What is a Large Language Model?
Part 1: Stochastic generation of cultural artifacts, from Aristotle to the Eighties
When you “converse” with one of today’s generative AI models, behemoths like Claude 4, ChatGPT 4, or Gemini, you’re interacting with a powerful computer program that has one and only one intention: to accurately predict what word (technically what “token”) you might expect to see next. And then to predict the next word after that, and the next, and thus generate something you perceive as “meaning.”
That’s it.
Well, that’s not really it. These programs can do quite a bit more, including things like sentiment analysis (judging the emotions present in a piece of text), entity extraction (finding structured data like names and addresses), summary and synthesis, reasoning and problem-solving. Though in essence all they are doing is generating one next word after another, this is a bit like saying that an orchestra is simply playing one note after another.
But we might start by asking — how does it even do that simple thing? The next-word prediction thing? Even if that’s a paltry way to describe the behavior of these behemoths.

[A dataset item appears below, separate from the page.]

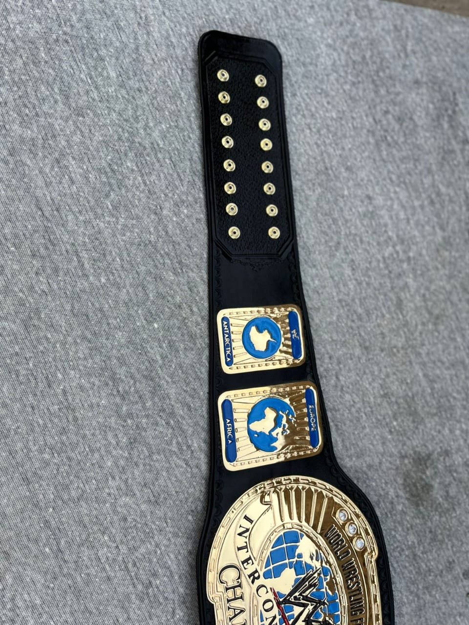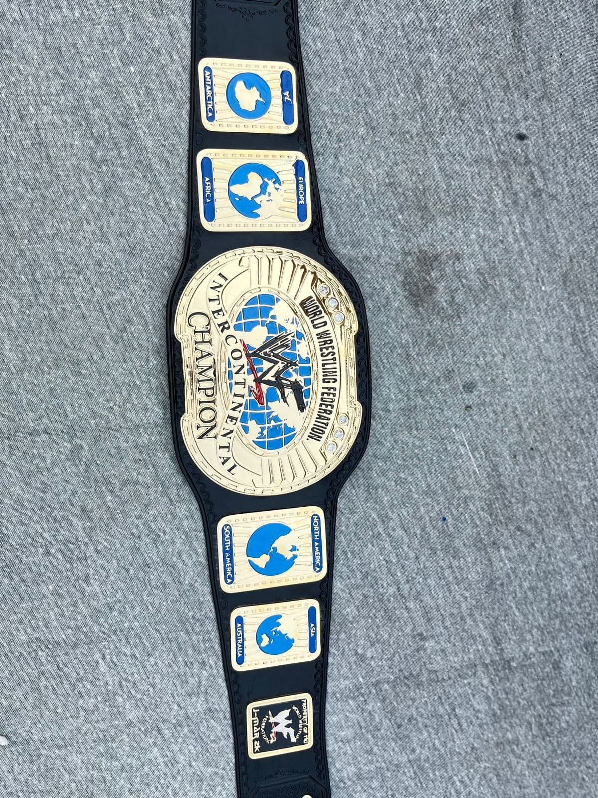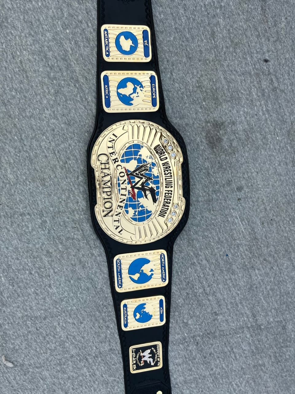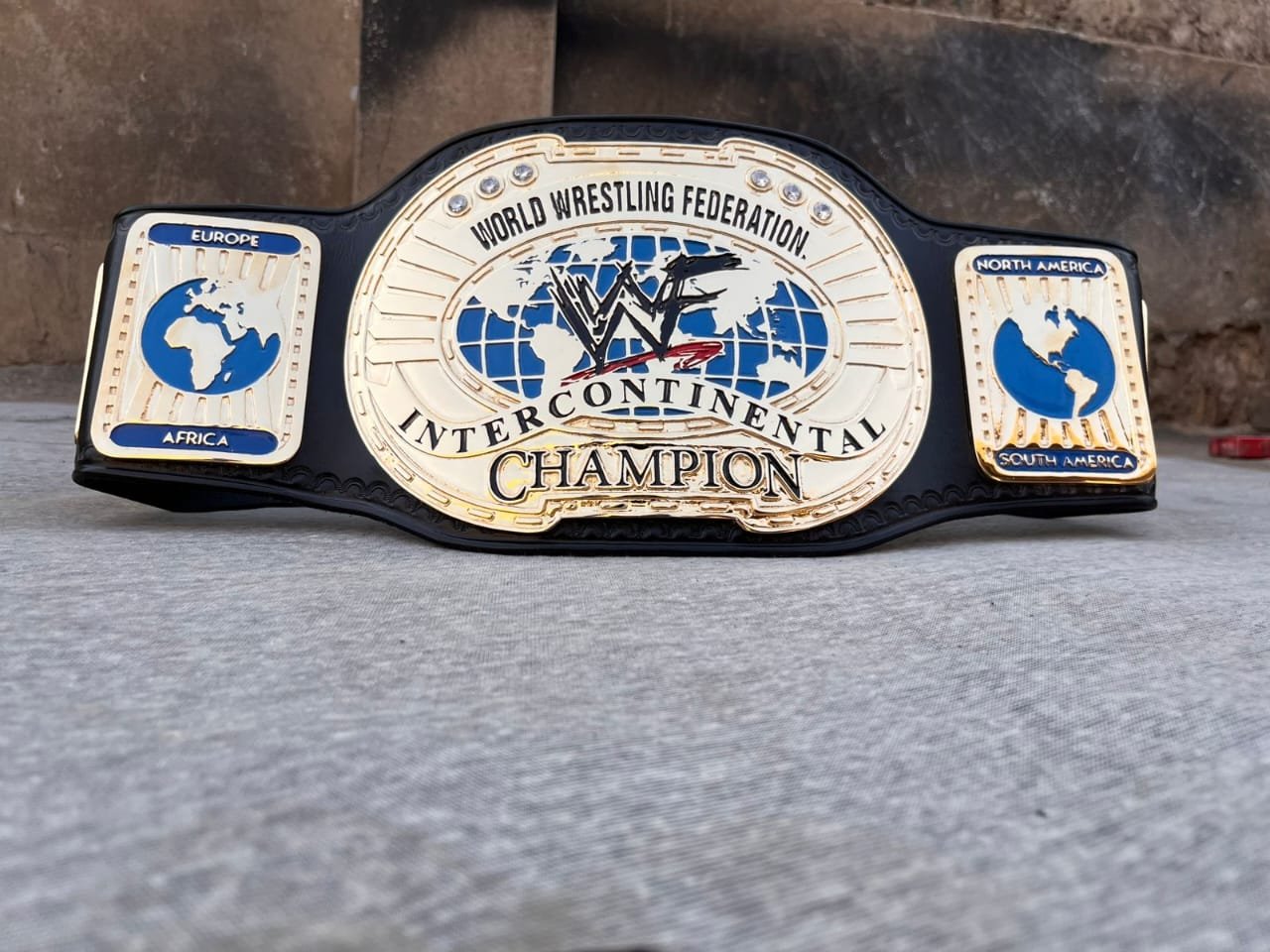 On either side of the main plate are detailed side plates representing different regions of the world, including Europe, Africa, North America, and South America, reinforcing the global nature of the championship. The combination of gold, blue, and black gives the belt a classic and authoritative appearance. Resting on a neutral surface, the belt represents honor, achievement, and the legacy of legendary wrestlers who have held the Intercontinental Championship throughout WWF history.

To describe how it happens today — that takes some explaining. But in this post, I can tell you how it sort of got started — back in the day.
1. 1974
The idea of the algorithmic generation of things that look like human cultural artifacts goes back a long way.1 I know exactly when I personally became aware of the idea: December 1974, when my nine-year-old self, perusing my beloved Scientific American (that my parents had sent to the house!), came across a“Mathematical Games” column2 by Martin Gardner that detailed the history of attempts to generate music by algorithmic means.
I’d never laid eyes on a computer (that would happen a couple of years later when Radio Shack’s TRS-80 hit the classroom), but as a piano-playing youngster with science and math leanings, I was somehow held rapt by the idea that human-like cultural artifacts could result from mathematical generation. Gardner’s span of reference was wide, encompassing Borges, Ramón Lull, the music theorist Kirnberger, Fourier series, and a wide range of books and articles on the generation and playing of music by digital computers. (15 years ago this might have amounted to a few hours of Internet research; today an LLM could pull most of the references together in a minute or two; having been a researcher myself before the dawn of the Internet, I can appreciate the weeks of effort wrapped into Gardner’s rich four-page essay). In passing, Gardner touched on ideas that seem trivial now but were more edgy then — the idea that any existing cultural artifact, like a painting or symphony, could be digitized, and so in theory become the product of generation by algorithm.3 This stuck in my mind and I could not get it out.
2. 1983-84
Nine years later computers had hit the classroom and the home — we had a lab full of Commodore PETs and TRS-80s, and one of my friends owned an Apple II (the main use of which was playing Apple Panic). My parents still got Scientific American, and in November 1983, a “Computer Recreations” column by Brian Hayes promised “a progress report on the fine art of turning literature into drivel.”4
Hayes was reporting on a class of programs called “travesty generators,” that take some body of text (say the works of Shakespeare) as their input, and output a nonsense text that nonetheless “sometimes has a haunting familiarity.” Critically for later machine learning, it does this by mimicking some of the statistical properties of the text. Hayes’ reflections are worth quoting fully:
“I cannot imagine a cruder method of imitation. Nowhere in the program is there even a representation of the concept of a word, much less any hint of what words might mean. There is no representation of any linguistic structure more elaborate than a sequence of letters. The text created is the clumsiest kind of pastiche, which preserves only the most superficial qualities of the original. What is remarkable is that the product of this simple exercise sometimes has a haunting familiarity. It is nonsense, but not undifferentiated nonsense; rather it is Chaucerian or Shakespearian or Jamesian nonsense. Indeed, with all semantic content eliminated, stylistic mannerisms become the more conspicuous. It makes one wonder: Just how close to the surface are the qualities that define an author's style?”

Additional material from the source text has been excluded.